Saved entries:
____

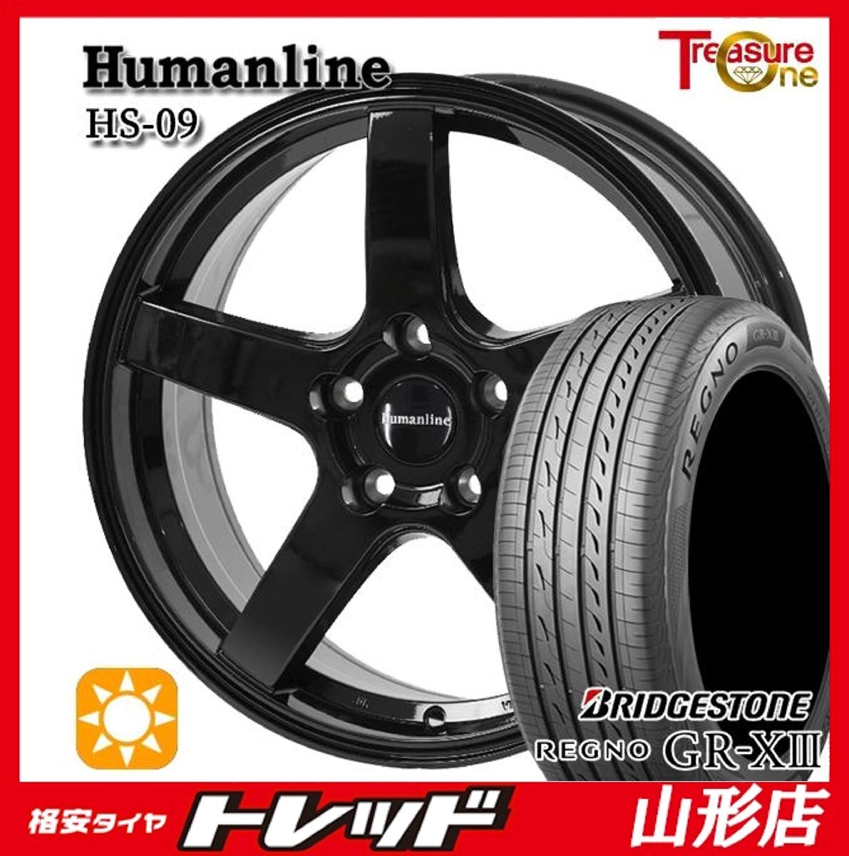 - 山形店 新品 夏タイヤホイール4本セット Humanline HS-09 17インチ 7.0j 5H114.3 +38 BK ブリヂストン レグノ GRX3 215/55R17 2025年製
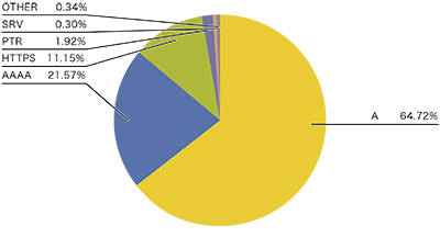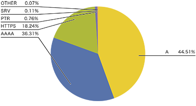 問い合わせレコードタイプに注目すると、ホスト名に対応するIPv4アドレスを問い合わせるAレコードとIPv6アドレスを問い合わせるAAAAレコードが全体の約8割を占めています。AとAAAAの問い合わせ傾向は通信に利用されるIPプロトコルで違いが見られ、IPv6での問い合わせではより多くのAAAAレコード問い合わせが見られます。IPv4での問い合わせでは、全体の64%程度がAレコード問い合わせ、21%程度がAAAAレコード問い合わせです(図-1)。一方IPv6での問い合わせでは、全体の44%程度がAレコード問い合わせ、36%程度がAAAAレコード問い合わせとAAAAレコード問い合わせの比率が高まっています(図-2)。昨年と比べるとIPv4で-15ポイント、 IPv6で-7ポイント程度Aレコードの問い合わせが減少しています。昨年から観測され始めたHTTPSタイプのDNS問い合わせがIPv4で11%、IPv6で18%程度を占めており、昨年と比べるとIPv4で+9ポイント、IPv6では+12ポイントと大きな伸びを示しています。HTTPSレコードの問い合わせ傾向はAAAAレコードと相関があるように見え、すべての時間帯でHTTPレコードの問い合わせはAAAAレコードの問い合わせの約半数となる傾向が見えています。
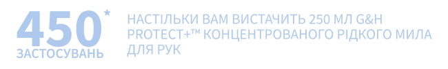 Рідке мило G&H PROTECT+™ – концентрований засіб, який не просто очищує шкіру, а й делікатно дбає про її стан. Після використання мила не залишається відчуття сухості і стягнутості, шкіра гладенька і м’яка, як після крему. Завдяки милу G&H PROTECT+™ усуваються неприємні запахи, а шкіра набуває легкого свіжого аромату.
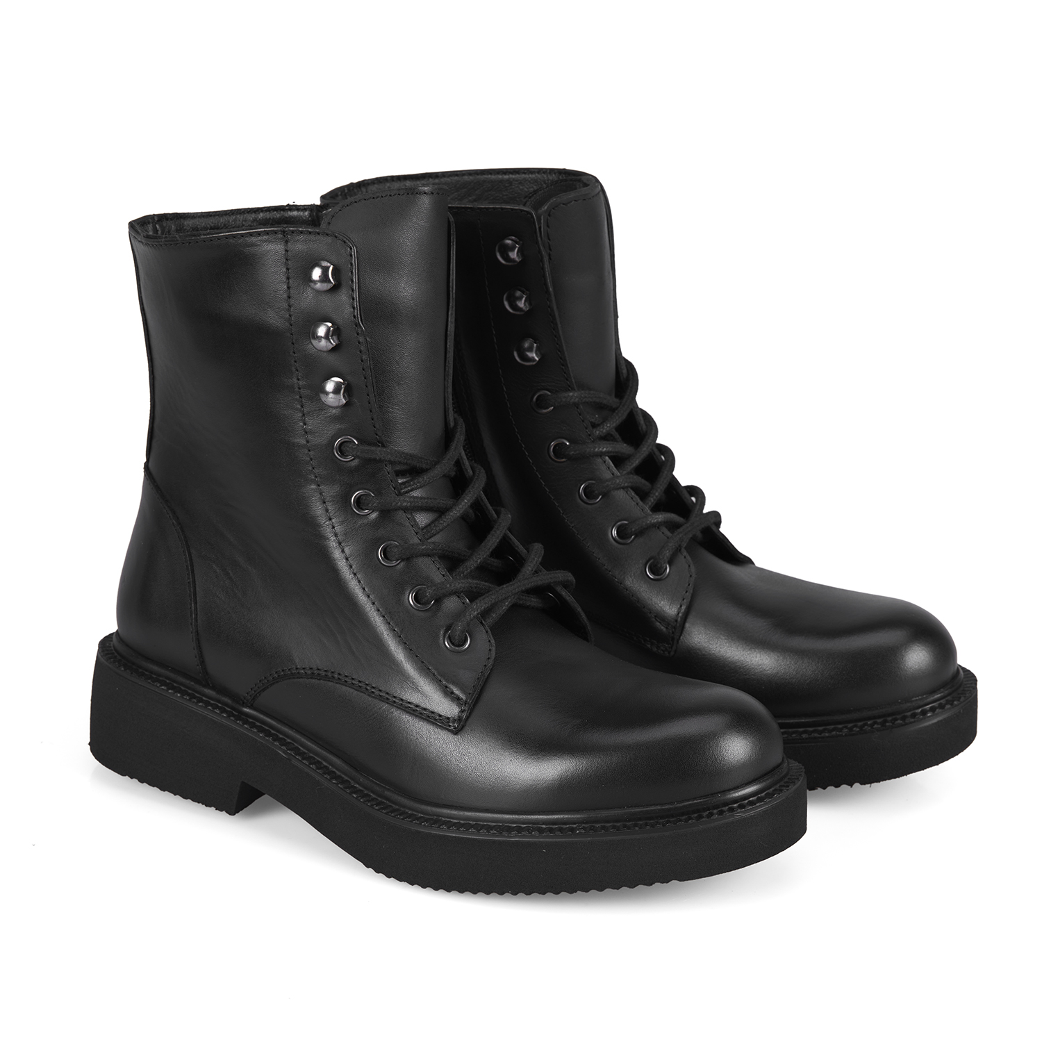 %100 deri, deri iç tabanlı, tekstil astarlı, içten fermuarlı, termo tabanlı, bağcıklı kadın postal. Taban yüksekliği 4 cm. Konç yüksekliği 15cm %100 Dana derisinden üretilmiştir.-%100 deri, deri iç tabanlı, tekstil astarlı, içten fermuarlı, termo tabanlı, bağcıklı kadın postal. Taban yüksekliği 4 cm. Konç yüksekliği 15cm %100 Dana derisinden üretilmiştir.
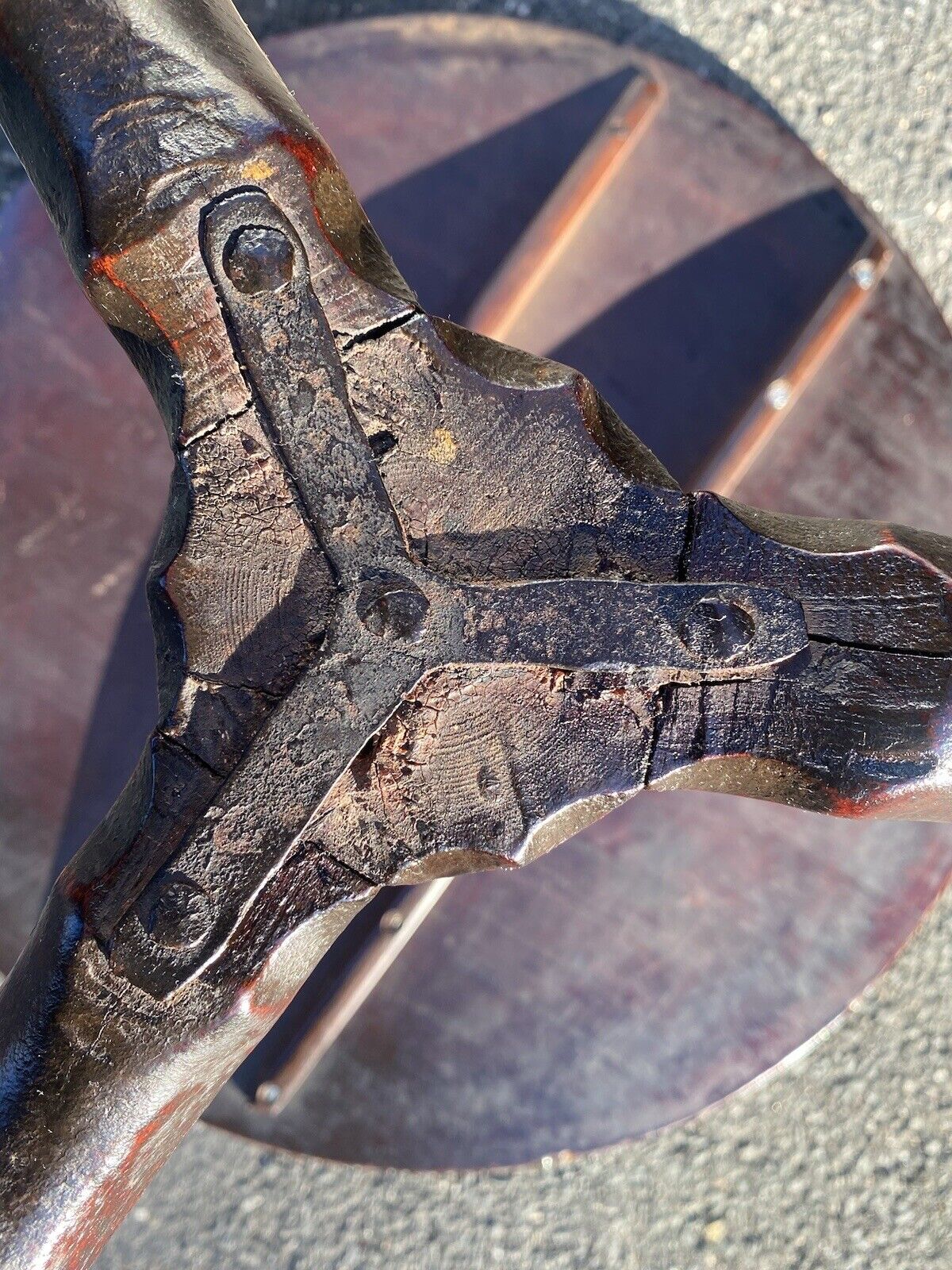 Bay Colony Antiques is pleased to offer for sale this fantastic 18th century antique Queen Anne Southern Walnut tilt top table. Antique tilt-top tables are a type of furniture that were popular in the 18th and 19th centuries. These tables are designed with a single central pedestal and a circular or oval top that can be tilted and locked in place for storage or transportation. The tilt-top design was a practical solution to the problem of limited space in small rooms, as the table could be easily stored in a corner when not in use. These tables were versatile and could be used for a variety of purposes, such as serving tea, folding laundry, gaming, or as a writing surface. The table has a beautiful Walnut top and a finely formed column. The snake legs are well proportioned and are dovetailed into the column and further strengthened by an iron spider. When the top is flipped up the table measures 25” wide x 20” deep x 44” tall. When the top is locked down like in our gallery image the table has a 30 1/4” diameter and stands 27 3/4” tall.

____

Activity:
Write the lines from the one with "Рідке мило G&H" through the last line of the entries out again exactly, both ends included, and skip the pictures.

Result below:
 Рідке мило G&H PROTECT+™ – концентрований засіб, який не просто очищує шкіру, а й делікатно дбає про її стан. Після використання мила не залишається відчуття сухості і стягнутості, шкіра гладенька і м’яка, як після крему. Завдяки милу G&H PROTECT+™ усуваються неприємні запахи, а шкіра набуває легкого свіжого аромату.
 %100 deri, deri iç tabanlı, tekstil astarlı, içten fermuarlı, termo tabanlı, bağcıklı kadın postal. Taban yüksekliği 4 cm. Konç yüksekliği 15cm %100 Dana derisinden üretilmiştir.-%100 deri, deri iç tabanlı, tekstil astarlı, içten fermuarlı, termo tabanlı, bağcıklı kadın postal. Taban yüksekliği 4 cm. Konç yüksekliği 15cm %100 Dana derisinden üretilmiştir.
 Bay Colony Antiques is pleased to offer for sale this fantastic 18th century antique Queen Anne Southern Walnut tilt top table. Antique tilt-top tables are a type of furniture that were popular in the 18th and 19th centuries. These tables are designed with a single central pedestal and a circular or oval top that can be tilted and locked in place for storage or transportation. The tilt-top design was a practical solution to the problem of limited space in small rooms, as the table could be easily stored in a corner when not in use. These tables were versatile and could be used for a variety of purposes, such as serving tea, folding laundry, gaming, or as a writing surface. The table has a beautiful Walnut top and a finely formed column. The snake legs are well proportioned and are dovetailed into the column and further strengthened by an iron spider. When the top is flipped up the table measures 25” wide x 20” deep x 44” tall. When the top is locked down like in our gallery image the table has a 30 1/4” diameter and stands 27 3/4” tall.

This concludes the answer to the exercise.